**Exercise description**
Below are some entries. Repeat exactly the lines from the one with "Magnifiek appartement op" through the one with "국민연금 신청 자격은", and only those.

**Data section**
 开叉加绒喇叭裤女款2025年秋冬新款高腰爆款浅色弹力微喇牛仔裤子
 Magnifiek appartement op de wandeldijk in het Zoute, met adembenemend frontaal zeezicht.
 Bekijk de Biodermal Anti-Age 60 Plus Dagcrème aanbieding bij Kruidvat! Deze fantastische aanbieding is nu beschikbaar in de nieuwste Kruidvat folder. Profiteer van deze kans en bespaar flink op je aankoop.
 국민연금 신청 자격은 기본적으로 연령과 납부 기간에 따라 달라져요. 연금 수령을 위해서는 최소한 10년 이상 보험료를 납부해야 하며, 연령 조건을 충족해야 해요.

==

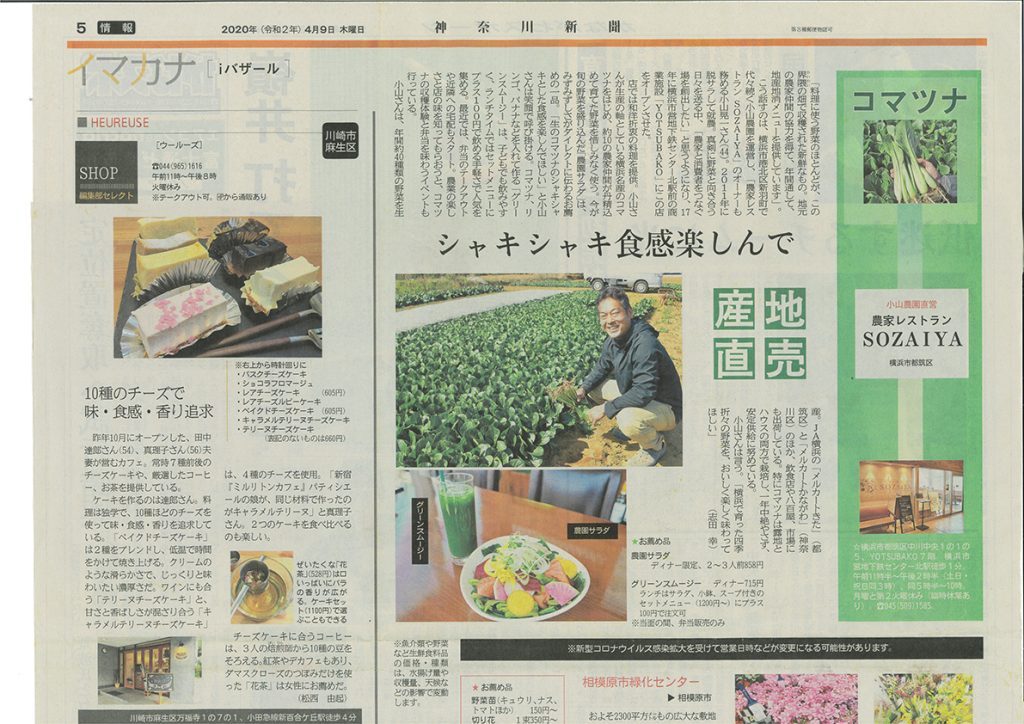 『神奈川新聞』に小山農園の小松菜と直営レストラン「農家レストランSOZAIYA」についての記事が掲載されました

**Task answer**
 Magnifiek appartement op de wandeldijk in het Zoute, met adembenemend frontaal zeezicht.
 Bekijk de Biodermal Anti-Age 60 Plus Dagcrème aanbieding bij Kruidvat! Deze fantastische aanbieding is nu beschikbaar in de nieuwste Kruidvat folder. Profiteer van deze kans en bespaar flink op je aankoop.
 국민연금 신청 자격은 기본적으로 연령과 납부 기간에 따라 달라져요. 연금 수령을 위해서는 최소한 10년 이상 보험료를 납부해야 하며, 연령 조건을 충족해야 해요.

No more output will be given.